I want to fit a nonlinear multivariable equation using TensorFlow. The equation is given below. The parameters to fit are a0, a1, and a2. The independent variables are S and R, while F is the dependent variable. The corresponding data for S,R,F are provided in the code below, as Sdata, Rdata, and Fdata respectively.
F = a0 + a1*S + a2*R
I
const Sdata = tf.tensor1d([13.8,13.8,20.2,12.1,14.1,29.4,13.7,16.6,18.9,15.5]);
const Fdata = tf.tensor1d([46.7,130.7,78.1,72.2,40.1,78.6,57.4,170.7,80.2,45.2]);
const Rdata = tf.tensor1d([1.5,4.5,2.5,3.0,3.5,3.0,2.5,3.0,3.0,2.5])

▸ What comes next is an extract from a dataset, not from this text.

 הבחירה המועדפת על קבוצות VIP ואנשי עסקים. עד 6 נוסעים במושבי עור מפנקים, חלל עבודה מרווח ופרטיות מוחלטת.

const a0 = tf.scalar(Math.random()).variable();
const a1 = tf.scalar(Math.random()).variable();
const a2 = tf.scalar(Math.random()).variable();
const fun = (r,s) => a2.mul(r).add(a1.mul(s)).add(a0)

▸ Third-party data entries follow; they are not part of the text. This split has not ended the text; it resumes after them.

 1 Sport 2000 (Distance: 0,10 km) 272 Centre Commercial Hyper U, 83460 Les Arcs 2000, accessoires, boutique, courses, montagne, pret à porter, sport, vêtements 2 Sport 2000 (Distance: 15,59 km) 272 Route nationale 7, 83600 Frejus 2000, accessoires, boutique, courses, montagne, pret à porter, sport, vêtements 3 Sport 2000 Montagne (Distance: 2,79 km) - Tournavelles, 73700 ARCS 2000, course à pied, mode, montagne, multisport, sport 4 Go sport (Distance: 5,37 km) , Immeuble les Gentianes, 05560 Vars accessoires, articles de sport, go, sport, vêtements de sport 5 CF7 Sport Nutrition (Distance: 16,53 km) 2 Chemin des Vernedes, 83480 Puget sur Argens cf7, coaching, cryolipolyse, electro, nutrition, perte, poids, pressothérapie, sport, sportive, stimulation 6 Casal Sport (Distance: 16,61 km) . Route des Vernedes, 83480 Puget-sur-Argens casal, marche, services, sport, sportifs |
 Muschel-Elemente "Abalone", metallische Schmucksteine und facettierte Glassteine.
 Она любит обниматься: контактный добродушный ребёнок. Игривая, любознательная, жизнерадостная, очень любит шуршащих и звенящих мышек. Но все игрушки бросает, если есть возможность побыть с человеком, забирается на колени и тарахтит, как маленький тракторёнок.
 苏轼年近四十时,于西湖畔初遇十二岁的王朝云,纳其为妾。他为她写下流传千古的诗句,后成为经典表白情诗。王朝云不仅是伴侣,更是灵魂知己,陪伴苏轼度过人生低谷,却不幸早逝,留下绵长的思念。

const cost = (pred, label) => pred.sub(label).square().mean();
const learningRate = 0.01;
const optimizer = tf.train.sgd(learningRate);
// Train the model.
for (let i = 0; i < 800; i++) {
optimizer.minimize(() => cost(fun(Rdata,Sdata), Fdata));
}
As shown in my code, I assumed the function "fun" can take two independent variable. Instead of getting a0 = -6.6986, a1 = 0.8005, and a2 = 25.2523, I am getting NaNs.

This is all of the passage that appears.